The issue is not how your rig behaves in normal driving. It is what it will do in a strong emergency swerve, or hit by strong high side wind at speed. What happens is this. All motor vehicles are designed to automatically turn slightly away from disturbing forces. This also keeps them straight on cambered roads. This effect, called understeer, is totally vital for any vehicle towing a trailer via a tow hitch that is behind that tow vehicle’s rear axle.

When a tow vehicle yaws (sways) hitch overhang causes the trailer to yaw in the opposite direction. This causes (not just permits) the tow vehicle to yaw in the opposite direction. Minimising that overhang assists but the issue is inherent.

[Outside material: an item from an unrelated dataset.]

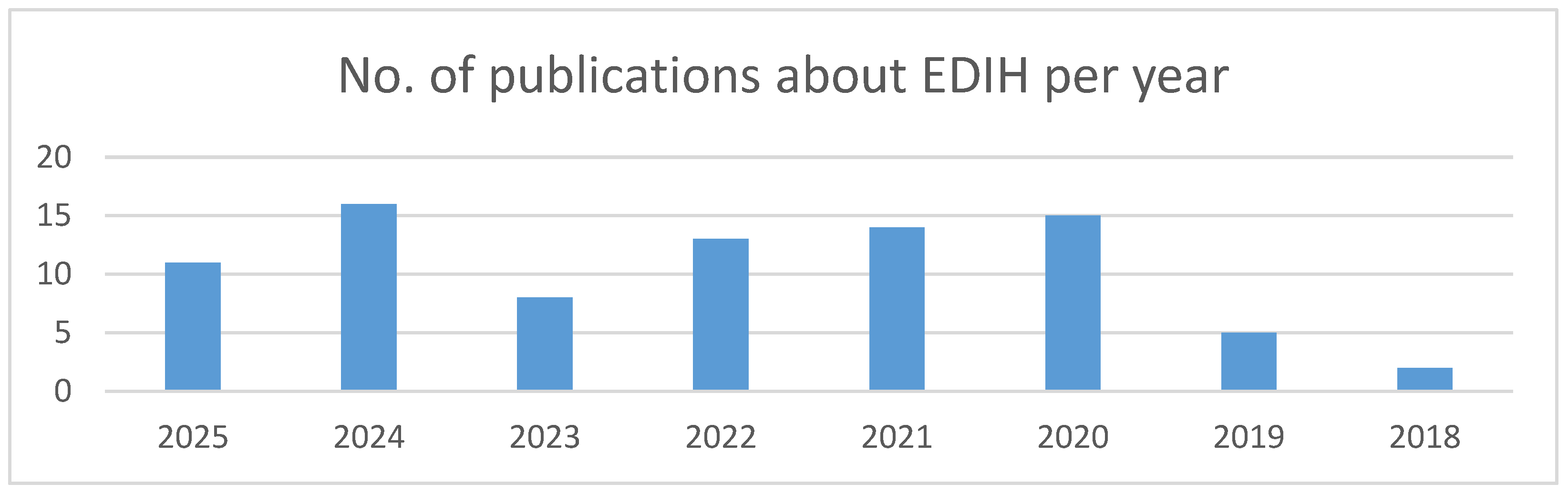 - Chronologically organized in order to assess alignment between their publication date and key stages in the development of EDIHs. Articles from the period 2018–2023 when DIHs were developed through the Horizon research and innovation program, when the concept and EDIH approaches were piloted, and methodologies for EDIH development and services were discussed for their contributions to the testing of theories, frameworks, methodologies, ontologies, and case studies, with the note that conclusions were often conceptual, optimistic, lacking extensive empirical grounding and needing revalidation (see Section 4). However, empirical articles based on the S3P database of DIHs and surveys of DIHs existing at the time were marked as outdated, as they relied on the original DIH concepts and flexibility in terms of service definitions, dating back to a period before the first official DEP financing call when many more DIHs existed and did not necessarily respect the rigors set by the EDIH financing calls. Articles published between 2024 and 2025 were considered most relevant in terms of their empirical results, as they coincided with the first implementation phase of the EDIH initiative and could draw on Digital Europe Programme implementation results.

If that rig yaws strongly at speed that vital margin of understeer is lost. The rig is then all-but certain to jack-knife and likely overturn.

Totally known and long understood causes of reduced understeer include overloading, incorrect tyre pressures, overly-corrected weight distributing hitches, too-heavy tow loads etc.

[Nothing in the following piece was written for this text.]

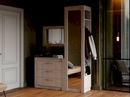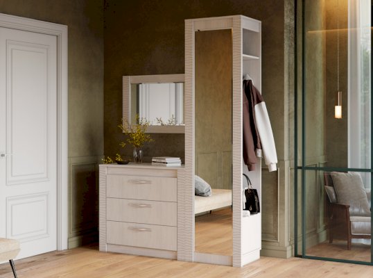 Выдержанная в классическом стиле, прихожая может гармонично сочетаться с любым интерьером. Не смотря на свои компактные размеры, прихожая имеет просторный шкаф для верхней одежды, удобные полки и боковой приставной модуль, где можно разместить не только полезные аксессуары, но и элементы декора.
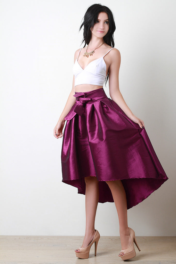 This gleaming high-low skirt is taffeta bodice with a fitted pleated waist. Designed with a hidden side zipper and a self-tie bow belt. Accessories sold separately. Made in U.S.A. 60% Polyester, 35% Nylon, 5% Spandex.

Also important is the ratio of laden tow vehicle weight to laden trailer weight, and how that trailer is designed and laden.

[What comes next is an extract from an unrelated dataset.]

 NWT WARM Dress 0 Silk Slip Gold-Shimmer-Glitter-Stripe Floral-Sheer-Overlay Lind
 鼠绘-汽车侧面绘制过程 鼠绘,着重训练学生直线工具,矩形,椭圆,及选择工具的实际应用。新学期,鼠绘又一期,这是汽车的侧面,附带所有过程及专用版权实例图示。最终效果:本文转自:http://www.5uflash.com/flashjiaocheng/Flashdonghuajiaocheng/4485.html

Tow ball mass too is vital – 10% of laden caravan weight is really needed and must stay reasonably constant. Overturning rarely has one single cause, but several minor ones that interact.

Why Caravans Roll Over – and how to prevent it explains all in truly plain English. It even includes a simple way of assessing the likely stability of your own – and what you can do to make it very much safer.

Review Quotes:
'Should be compulsory reading for everyone involved with Caravan: Design / Engineering, Marketing, Journalism (print and electronic), Regulations, Inspections, Driver-Training, Caravan Clubs, Towing and Modifications.'
Colin Young
Founder and CEO
Caravan Council of Australia

Publisher Marketing:
Caravans and their tow-vehicles have a unique type of accident (jackknifing and rolling over). The cause is known and long understood. The rig is triggered from its intended stabilising characteristic (understeer) into seriously escalating unstabilising oversteer.

In conjunction with caravan and other issues, your tow vehicle's margin of understeer ultimately determines your rig's stability and especially how it will act in an emergency swerve at high speed.

If understeer is reduced to zero (or minus) the tow vehicle will oversteer. If not corrected in time the rig may jackknife, especially at high speed.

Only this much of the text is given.